Why Google is better than MSN Search

Because this site is the first result for a search of “toilet paper man” (without the quotes) in MSN Search, but doesn’t even show up on a Google search (of course, that will change after this post).

Note: I learned this by looking at referrer stats, not because I was doing a search for toilet paper man (not that there’s anything wrong with that).

Forty Pounds!!!

Since beginning to diet in November, I’ve lost forty pounds as of this morning.

I think that’s a pretty dramatic success, and I’m proud of it. I’ve met (and even surpassed) the goal I set for myself when I began.

I’m still in the overweight range, and I’ll continue to try to improve my fitness gradually, but I don’t think the extra weight I carry is a significant health risk any longer.

WooHoo!

Daniel Dennett

There’s an interesting article in the Guardian about Daniel Dennett. It seems to be in the book review section, but doesn’t really review any book. It’s more of a mini-biography.

It does note that he’s working on a new book called Breaking The Spell that “Will attempt to extirpate supernaturalism.”

I wish him luck.

I think supernaturalism does a lot of harm.
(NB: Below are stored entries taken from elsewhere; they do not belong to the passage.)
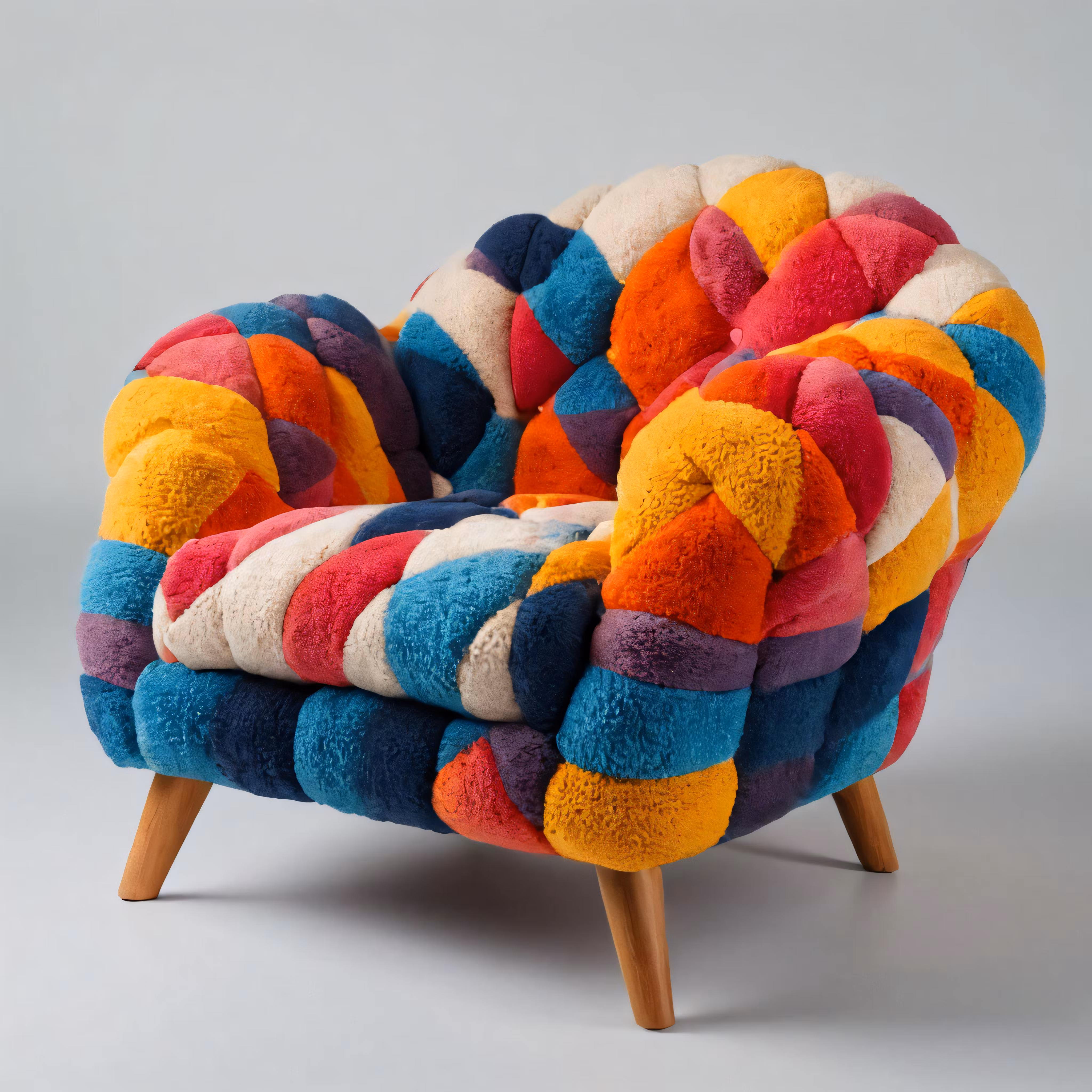 High resolution picture, free to use, a colorfully colored chair with wooden legs and feet
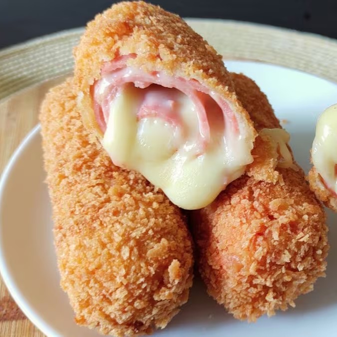 Enrolado de presunto e mussarela. O salgado é feito no ato do pedido chegando quentinho e saboroso!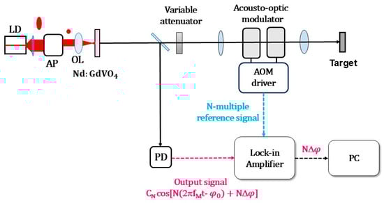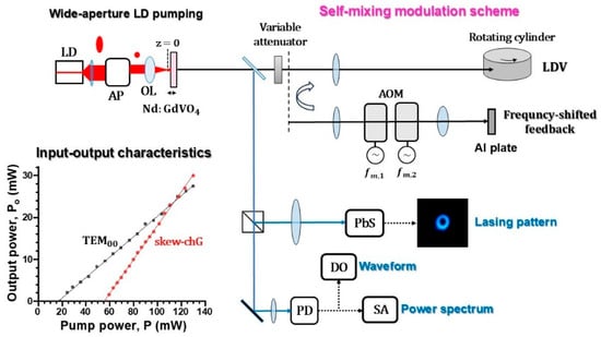 The harmonics-assisted phase amplification was examined in two ways. One was self-mixing laser Doppler velocimetry by focusing the output beam onto a rotating Al cylinder by a 15 cm focal-length lens placed 30 cm apart from the laser and the cylinder surface, where the laser was modulated at the Doppler-shift frequency, fM = fD = 2v/ (v: velocity along the laser axis). The other mixing modulation was performed using a pair of PbMoO4 acoustic-optic modulators (AOMs; center frequency = 80 MHz) whose self-mixing modulation frequency is given by fM = 2(fm,1−fm,2) depicted in Figure 1.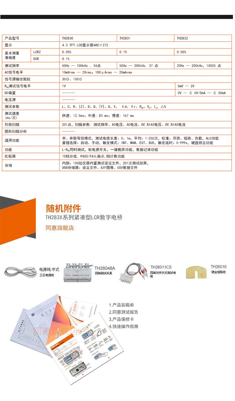 本網(wǎng)頁所展示的有關(guān)【TH2830數(shù)字電橋 LCR 高精度電容電感電阻測試儀 同惠tonghui】的信息/圖片/參數(shù)等由的會員【同惠電子 -深圳柏萊科技有限公司 】提供,由柏萊儀器網(wǎng)-專業(yè)銷售儀器儀表服務(wù)商-深圳柏萊科技有限公司會員【同惠電子 -深圳柏萊科技有限公司 】自行對信息/圖片/參數(shù)等的真實性、準(zhǔn)確性和合法性負(fù)責(zé),本平臺(本網(wǎng)站)僅提供展示服務(wù),請謹(jǐn)慎交易,因交易而產(chǎn)生的法律關(guān)系及法律糾紛由您自行協(xié)商解決,本平臺(本網(wǎng)站)對此不承擔(dān)任何責(zé)任。您在本網(wǎng)頁可以瀏覽【TH2830數(shù)字電橋 LCR 高精度電容電感電阻測試儀 同惠tonghui】有關(guān)的信息/圖片/價格等及提供 【TH2830數(shù)字電橋 LCR 高精度電容電感電阻測試儀 同惠tonghui】的商家公司簡介、聯(lián)系方式等信息。

But, it seems to present most people with the most convenient remedy for various psychological/emotional/philosophical problems that they face. I think it will take some work before our culture evolves enough to make natural, true, explanations more popular than supernatural ones.

I like Dennett very much. His writing is a joy to read. I really enjoy books by brilliant people who write and explain things well. I read The Mind’s I years ago, Freedom Evolves recently, and have Consciousness Explained on my bookshelf, thus far unopened (I should do something about that).

Pat Tillman, Hero

Pat Tillman was killed in Afghanistan yesterday.

Tillman gave up his multi-million dollar NFL career after 9/11 to serve as an Army Ranger.

He was a brave man who was willing to risk his life to further values he judged to be worthwhile. He died doing that. I don’t want to die, but Pat Tillman’s life and death remind me that it’s noble to live, and possibly die, promoting great values.

I think that’s what we should all strive to do.

UPDATE: Just to be clear… I don’t think he’s more of a hero because he died. I think he was heroic when he signed up with the intention of serving as a Ranger to defend us against islamist terrorists. All of our soldiers are brave, but his decision was more heroic than most because he had to explicitly choose between a conventionally glamorous life and a much more dangerous, less glamorous, path that he correctly judged would do more good for his values. His death is just sad.

He didn’t do it for attention and glory; he shunned those. He did it for liberty.